* Task brief: Every line from the one containing "蘋果公司的紅外專利申請(qǐ" through the end of the listing below goes in the output, exactly and without pictures.

********

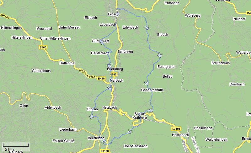 nun ja, der ganze odenwald ist es noch nicht … aber immerhin, einen großen teil des odenwaldkreises habe ich am samstag laufend (d.h. rennend) umrundet. die neu ausgedachte runde startet natürlich in erbach, führt über den buchwaldskopf und sonnenweg zum bullauer bild hinauf. von dort geht es dann zur gebhardtshütte, vorbei an den freilaufenden ziegen wieder in den wald in richtung krähberg. der wird knapp unterhalb des gipfels (und des schlosses) halb umrundet, um dann hinab zum reußenkreuz zu rennen. von dort führt der wanderweg über den eingang des sensbachtals zurück ins mümlingtal, wo der abstieg, der ganz schön lang und ganz schön tief wird, in richtung beerfelden beginnt. vorbei am skilift geht es dann über die bundesstraße durch den ort zum metzkeil, den man noch ein stück hinunterlaufen muss. dann führt der weg wieder aus beerfelden hinaus – dieses mal aber auf der anderen seite, nämlich in richtung etzean. bis dorthin sind es aber noch einmal ein paar höhenmeter. durch etzean schnell hindurch, geht es weiter in richtung marbach, vorbei am hetzbacher golfplatz und dann wieder steil hinab. ab der villa sonnenschein die letzten meter bis zur marbach auf der bundesstraße, die dann überquert wird, um auf der anderen seite wieder den – verdammt steilen – hang in richtung haisterbach hinaufzuklettern. oder zu gehen … der hügel ist dann doch wieder recht hoch, aber man ist ja jetzt schon auf dem heimweg … über haisterbach geht es, in einer kleinen schleife, nach günterfürst. dort noch schnell durch den ort, am sportplatz vorbei und damit wieder auf die nächste kuppe. die wird aber schnell wieder verlassen, denn es geht hinab nach lauerbach – wiederum verflixt steil hinab. dann wird’s aber einfach: nur noch die b45 durch erbach und fix nach hause. auf der karte sieht das so aus (die karte ist mit sporttracks aus meinen gps-daten und dem kartenmaterial von google-maps erstellt worden):
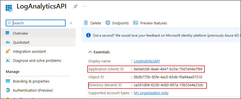 이를 위해 Log Analytics API 호출 방식으로 접근하며, Enterprise App 등록이 필요합니다.
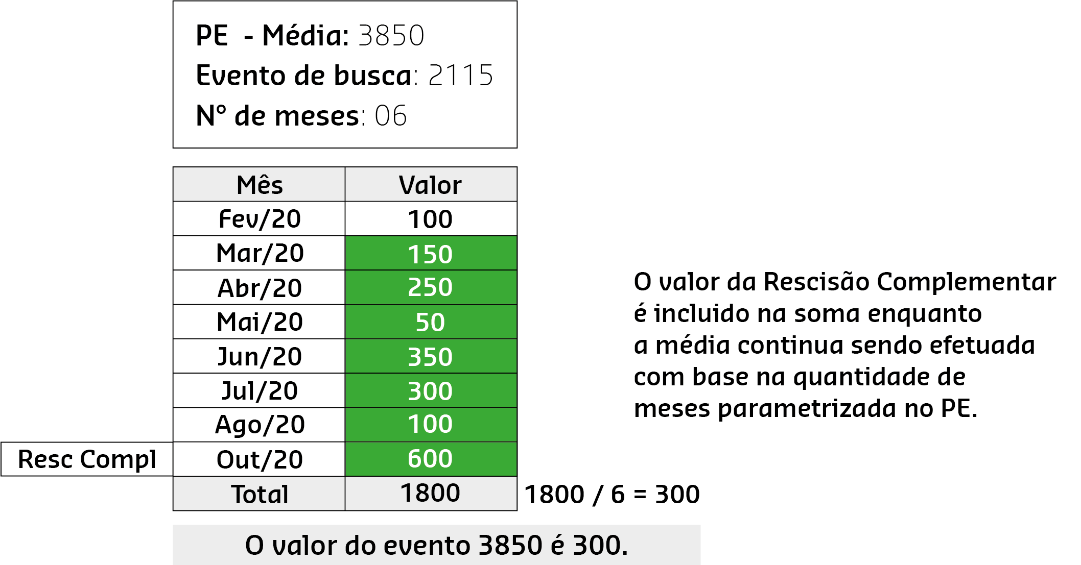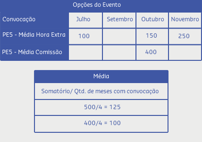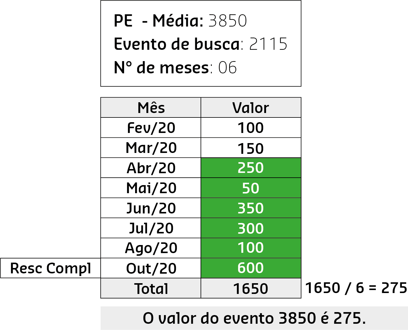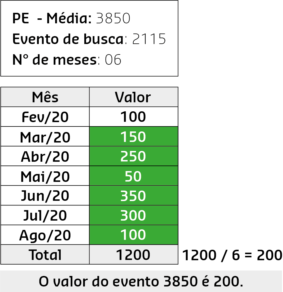 Desta forma, o PE buscará os valores do evento indicado dos meses 03/2020 - 04/2020 - 05/2020 - 06/2020 - 07/2020 e 08/2020 e dividirá por 6, conforme demonstrado abaixo:
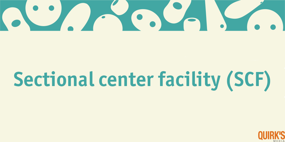 In market research, a sectional center facility (SCF) is a specific postal service facility operated by the United States Postal Service. SCFs play a crucial role in mail sorting and distribution. Researchers may utilize SCF information to analyze and understand regional or geographic trends in consumer behavior, demographics or market characteristics.
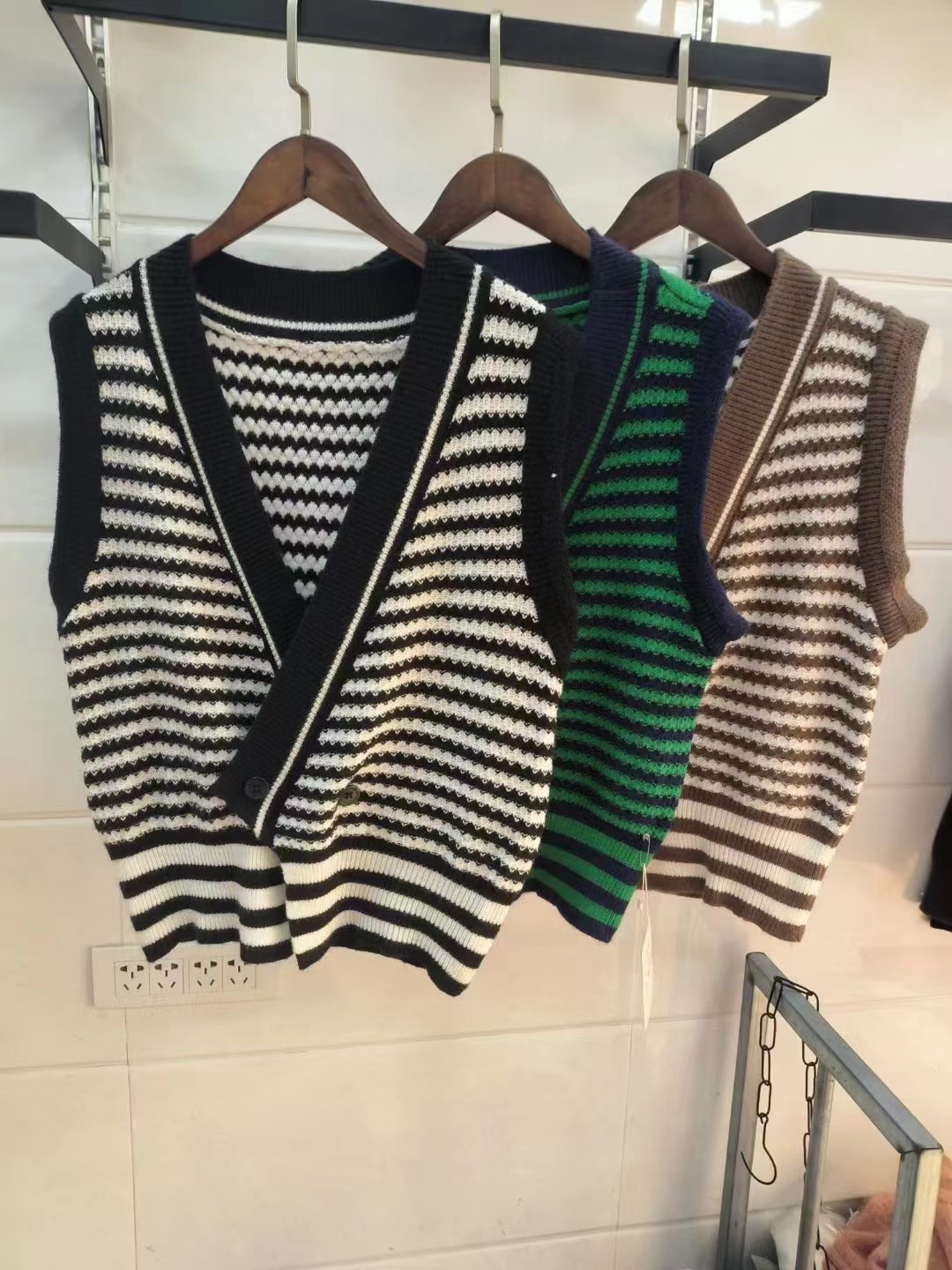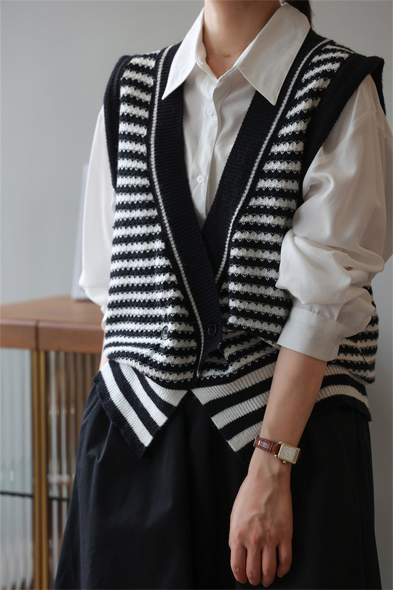 빈티지 게으른 줄무늬 니트 조끼 최고 여성 루즈 아우터 가을 패션 새로운 웨이스트 코트 스웨터 조끼스토어 가기
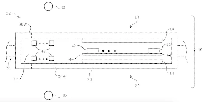 蘋果公司的紅外專利申請(qǐng)顯示了一個(gè)外殼的簡(jiǎn)單橫截面圖,其中包含諸如PCB(標(biāo)記為44),組件(標(biāo)記為42)和以窗口布置方式顯示的光學(xué)元件(標(biāo)記為30W)之類的元件。
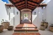 The interior great room, with terracotta floors and dark Spanish style vaulted ceilings, is cool, breezy and light. Pocket doors open to the view. Comfortable oversized seating in white and taupe against dark woods set an elegant, low-key atmosphere for lounging and dining. Spanish inspired doors and windows are featured thought out the house for an exotic touch. The well-equipped new kitchen is sleek and contemporary.
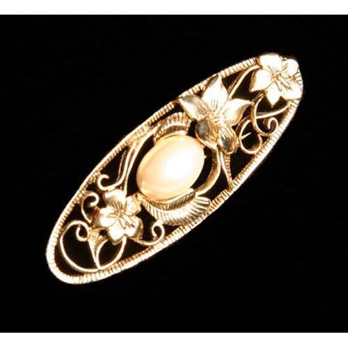 A narrow oval of gold filled with a design of gold flowers and leaves with an oval pearl accenting the center. Length: 3", Width: 1".
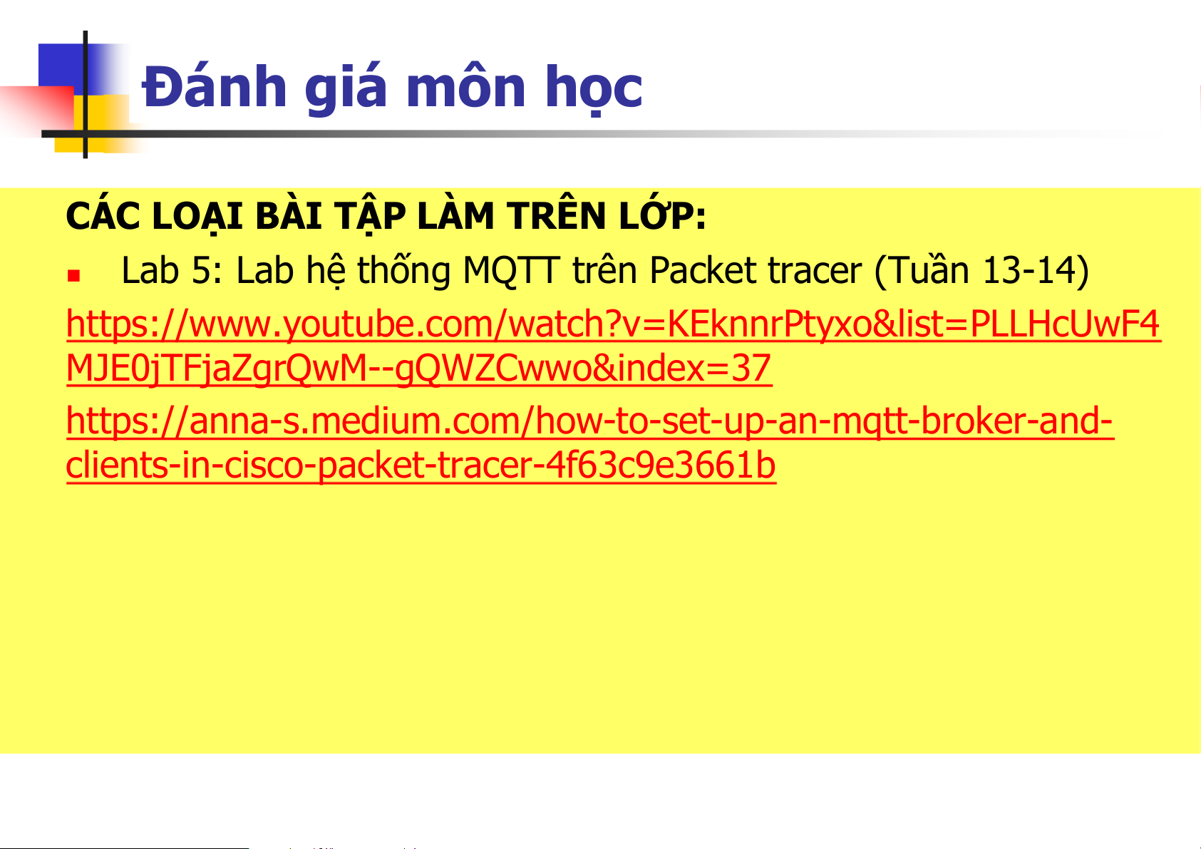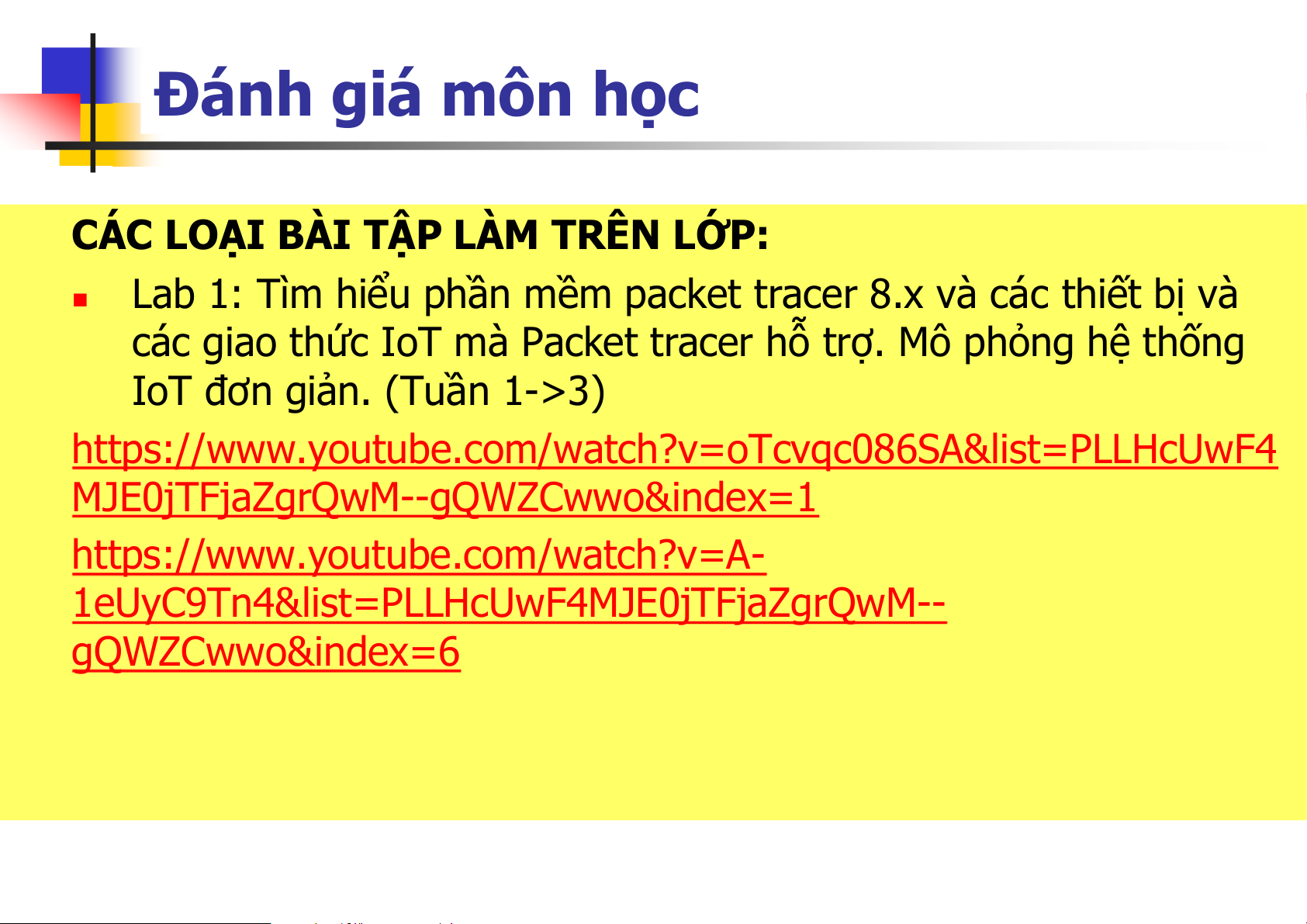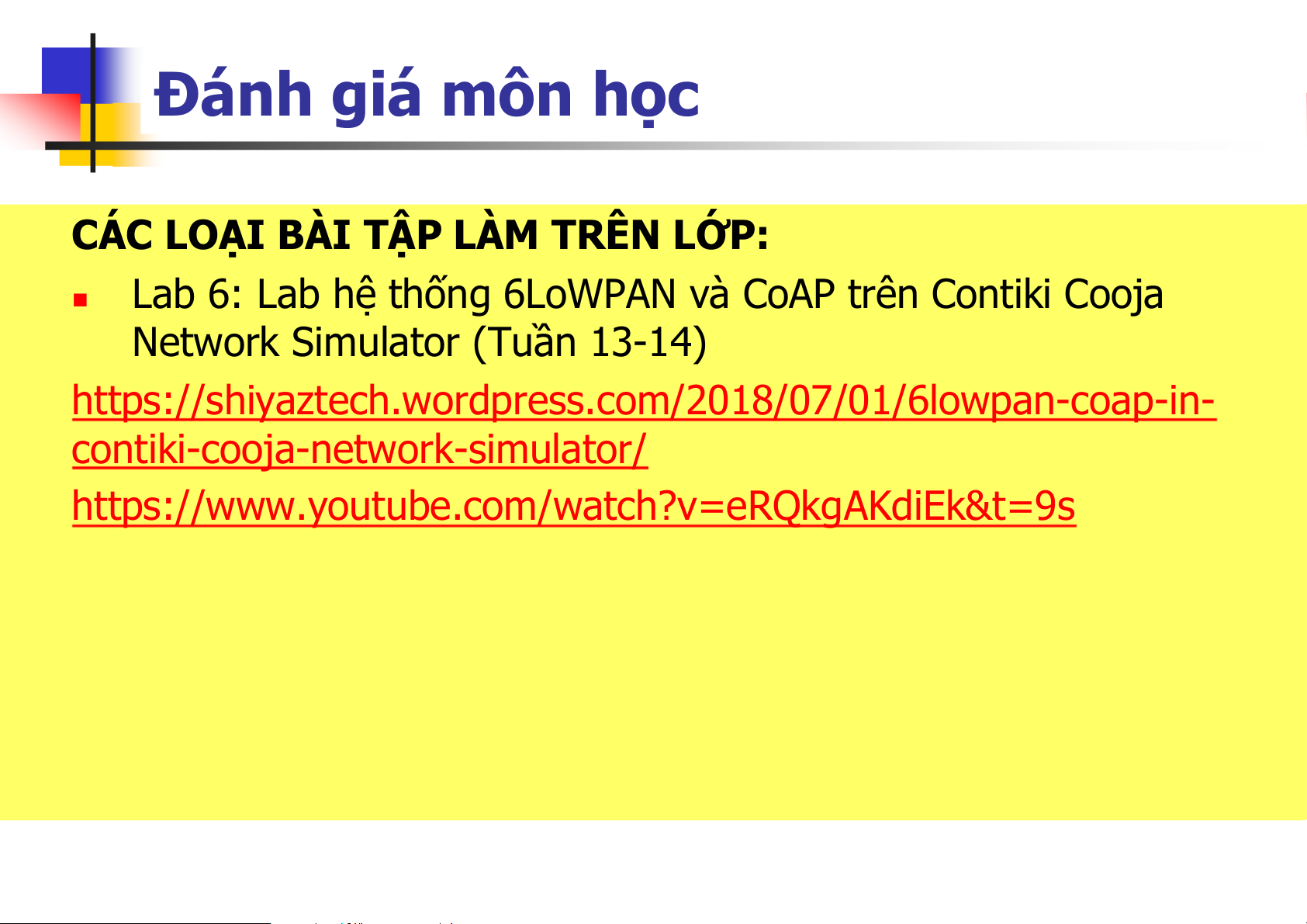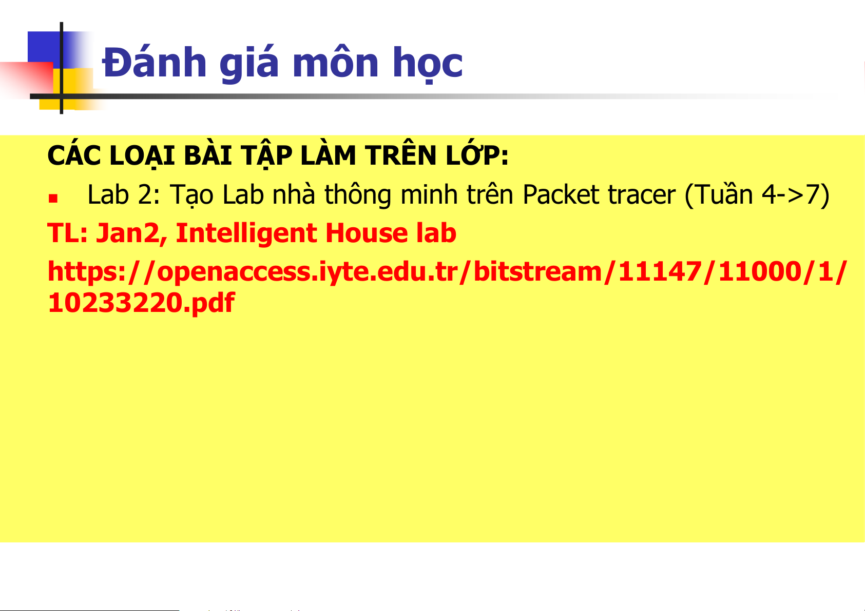 Kiến trúc và giao thức IoT, Bài giảng của bộ môn Tín hiệu
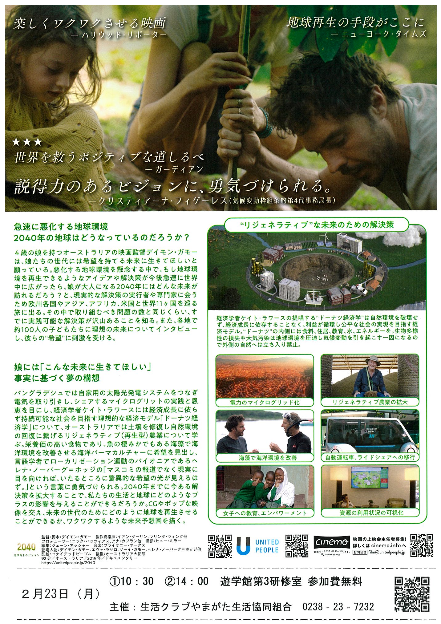 | 内容 | 問題の“解決策”に焦点を当てたリアルな未来創造型ドキュメンタリー 1回目10:30~ 2回目14:00~ |
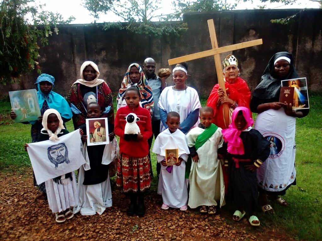 Can you identify each of the Saints pictured below? The children were robed in their favorite Saints including: St. Jude, St. Francis Cabrini, St. Jacintha, St. Faustina, St. Rose of Lima, St. Veronica, St. John Vianney, St. Agnus, St. Andrew, St. Clare, St. Josephine of Bakhita, and St. John Paul II. Can you guess who is the one holding the cross celebrating St. Helen of the Cross?

********

* Your solution:
 蘋果公司的紅外專利申請(qǐng)顯示了一個(gè)外殼的簡(jiǎn)單橫截面圖,其中包含諸如PCB(標(biāo)記為44),組件(標(biāo)記為42)和以窗口布置方式顯示的光學(xué)元件(標(biāo)記為30W)之類的元件。
 The interior great room, with terracotta floors and dark Spanish style vaulted ceilings, is cool, breezy and light. Pocket doors open to the view. Comfortable oversized seating in white and taupe against dark woods set an elegant, low-key atmosphere for lounging and dining. Spanish inspired doors and windows are featured thought out the house for an exotic touch. The well-equipped new kitchen is sleek and contemporary.
 A narrow oval of gold filled with a design of gold flowers and leaves with an oval pearl accenting the center. Length: 3", Width: 1".
 Kiến trúc và giao thức IoT, Bài giảng của bộ môn Tín hiệu
 | 内容 | 問題の“解決策”に焦点を当てたリアルな未来創造型ドキュメンタリー 1回目10:30~ 2回目14:00~ |
 Can you identify each of the Saints pictured below? The children were robed in their favorite Saints including: St. Jude, St. Francis Cabrini, St. Jacintha, St. Faustina, St. Rose of Lima, St. Veronica, St. John Vianney, St. Agnus, St. Andrew, St. Clare, St. Josephine of Bakhita, and St. John Paul II. Can you guess who is the one holding the cross celebrating St. Helen of the Cross?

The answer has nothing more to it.